Ingredients
Equipment
Method
- In a mixing bowl, combine honey, lime juice, lime zest, minced garlic, ground cumin, salt, and pepper. Whisk until the honey dissolves and the mixture looks glossy.
- Place the chicken breasts in a resealable plastic bag or shallow dish and pour the marinade over the chicken. Seal or cover and refrigerate for at least 30 minutes, up to 2 hours.
- While the chicken marinates, rinse the jasmine rice under cold water until the water runs clear. In a medium saucepan, bring the chicken broth to a boil. Add the rice, cover, and simmer for about 15 minutes or until the rice is tender and the liquid is absorbed.
- Preheat a grill or stovetop grill pan over medium-high heat. Remove the chicken from the marinade, allowing excess to drip off before placing it onto the grill.

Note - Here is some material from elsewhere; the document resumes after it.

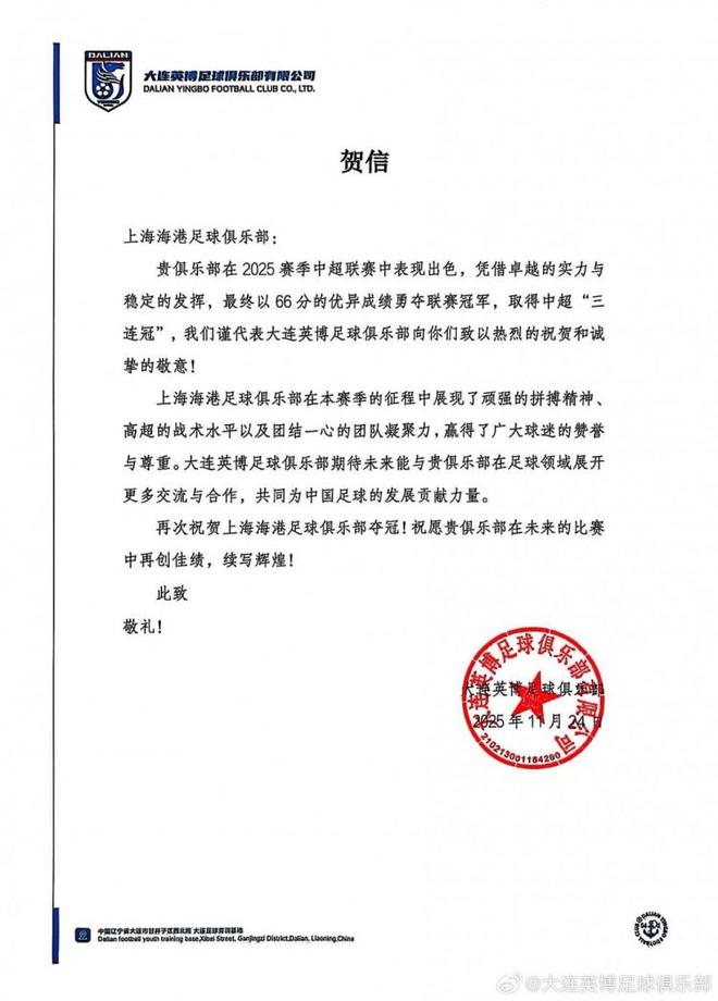 最后一段有一句有点哪壶不开提哪壶的意思!上面写道:祝愿海港“在亚洲赛场展现中国足球的风采”[我想静静]。目前海港在亚冠积分榜上排名倒数第一,中超跟亚冠排名倒挂,不知道这支中超新军是不是鼓励海港在亚冠赛场有所作为。此前,重庆铜梁龙冲超成功,贺电当中就有一封是来自海港,此次也算是投桃报李礼尚往来吧! 第二个向海港发出贺电的中超俱乐部也站出来了!他们就是本赛季中超末轮海港的对手——大连英博。这场比赛海港1比0战胜大连英博,有惊无险地捧起了冠军奖杯。

- Grill the chicken for about 6 to 7 minutes per side, or until fully cooked and internal temperature reaches 165°F. Remove from heat and allow to rest for a few minutes before slicing.

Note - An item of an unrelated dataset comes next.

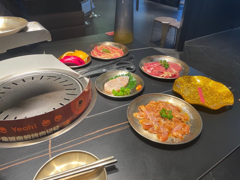 第一大特色就是店员代烤,烤好后放进上面的餐盘。这个服务很好,全程还换了三个烤盘,比大部分烤肉店自助烤焦的体验好很多。

- In a bowl, combine diced avocado, red onion, fresh cilantro, and olive oil. Lightly mix so everything is evenly distributed.
- To assemble the stack, layer a serving of rice at the base. Top with sliced chicken and then the avocado mixture.
- Serve with lime wedges and additional cilantro for garnish, if desired.
Notes
Store components separately in airtight containers for up to 3 days. Rice and chicken can be frozen for up to 1 month. Reheat rice with a sprinkle of water, warm chicken in low oven or skillet. For best results, marinate chicken for at least 30 minutes and use freshly squeezed lime juice.